In the one hundred and sixty-fifth year, Demetrius, son of Demetrius, came from Crete to the land of his ancestors. When King Alexander heard of it he was greatly troubled, and returned to Antioch. Demetrius set Apollonius over Coelesyria. Having gathered a large army, Apollonius encamped at Yamnia. From there he sent this message to Yonathan the Koheyn Gadol:
“You are the only one who resists us. I am laughed at and put to shame on your account. Why are you exercising authority against us in the mountains? If you have confidence in your forces, come down now to us in the plain, and let us test each other’s strength there; for the forces of the cities are on my side. Inquire and find out who I am and who the others are who are helping me. People are saying that you cannot make a stand against us because your ancestors were twice put to flight in their own land. Now you too will be unable to withstand our cavalry and such a force as this in the plain, where there is not a stone or a pebble or a place to flee.”
When Yonathan heard the message of Apollonius, he was provoked. Choosing ten thousand men, he set out from Yerushalayim, and Shimon his brother joined him to help him. He encamped near Yapha, but the people of the city shut him out because Apollonius had a garrison in Yapha. When they attacked it, the people of the city became afraid and opened the gates, and so Yonathan took possession of Yapha.
When Apollonius heard of it, he drew up three thousand cavalry and a large force of infantry. He marched toward Azotus as though he were going on through, but at the same time he was advancing into the plain, because he had such a large number of cavalry to rely on. Yonathan pursued him toward Azotus, and the armies engaged in battle. Apollonius, however, had left a thousand cavalry in hiding behind them. Yonathan discovered that there was an ambush behind him; his army was surrounded. From morning until evening they showered his troops with arrows. But his troops held their ground, as Yonathan had commanded, while the enemy’s horses became tired out.
Then Shimon brought forward his force, and engaged the phalanx in battle. Since the cavalry were exhausted, the phalanx was crushed by him and fled, while the cavalry too were scattered over the plain. They fled to Azotus and entered Beth-dagon, the temple of their idol, to save themselves. But Yonathan burned and plundered Azotus with its neighboring towns, and destroyed by fire both the temple of Dagon and those who had taken refuge in it. Those who fell by the sword, together with those who were burned alive, came to about eight thousand.
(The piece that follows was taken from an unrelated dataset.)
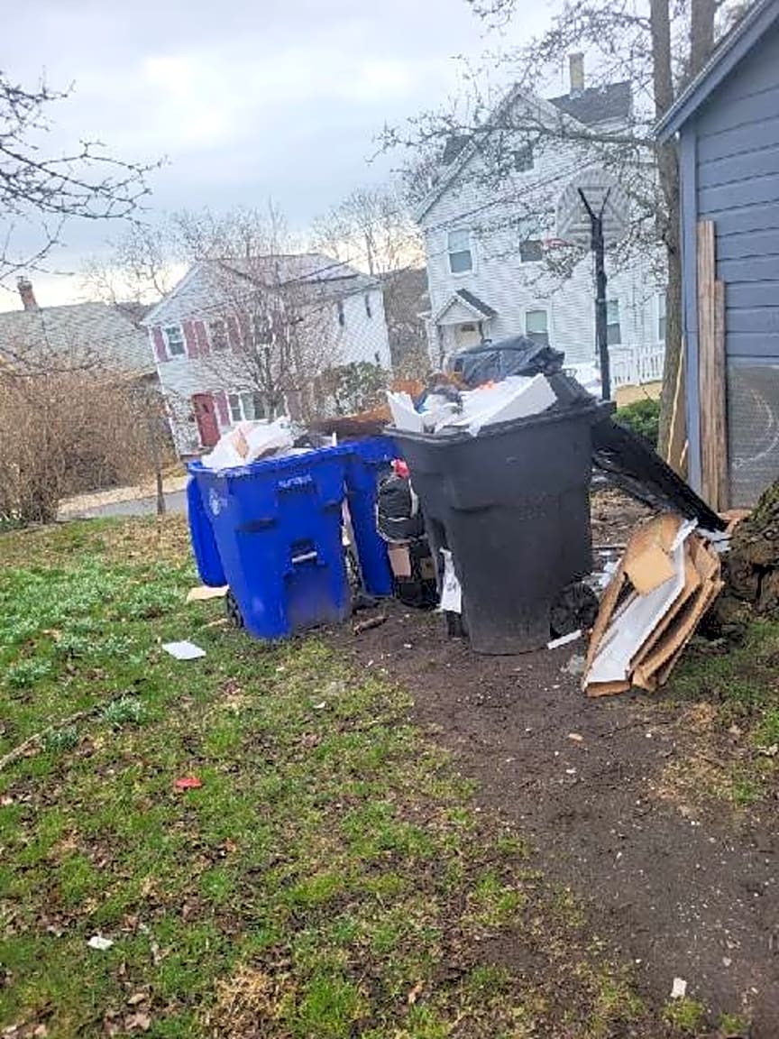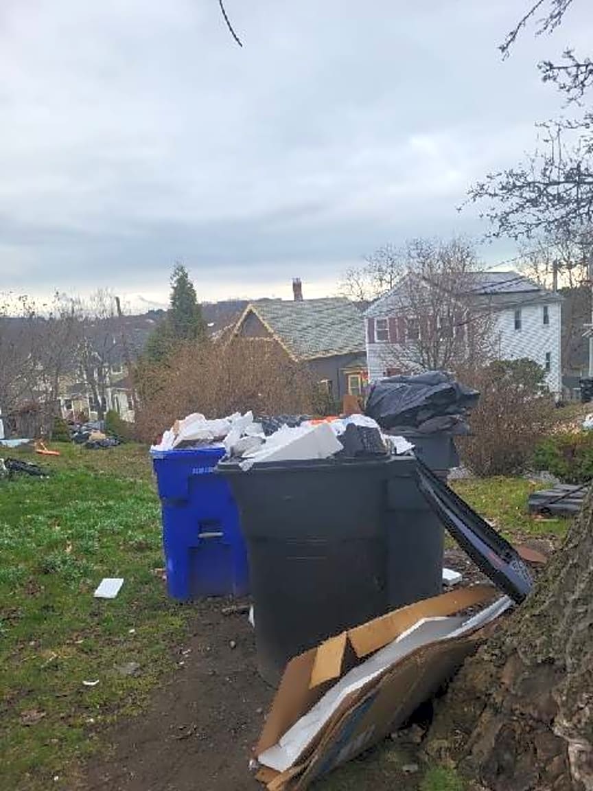 - Neighbor trash over flowing in yard without cover. There is already rat activity in neighborhood

Then Yonathan left there and encamped at Ashkelon, and the people of that city came out to meet him with great pomp. Yonathan and those with him then returned to Yerushalayim, with much spoil. When King Alexander heard of these events, he accorded new honors to Yonathan. He sent him a gold buckle, such as is usually given to King’s Kinsmen;he also gave him Eqron and all its territory as a possession.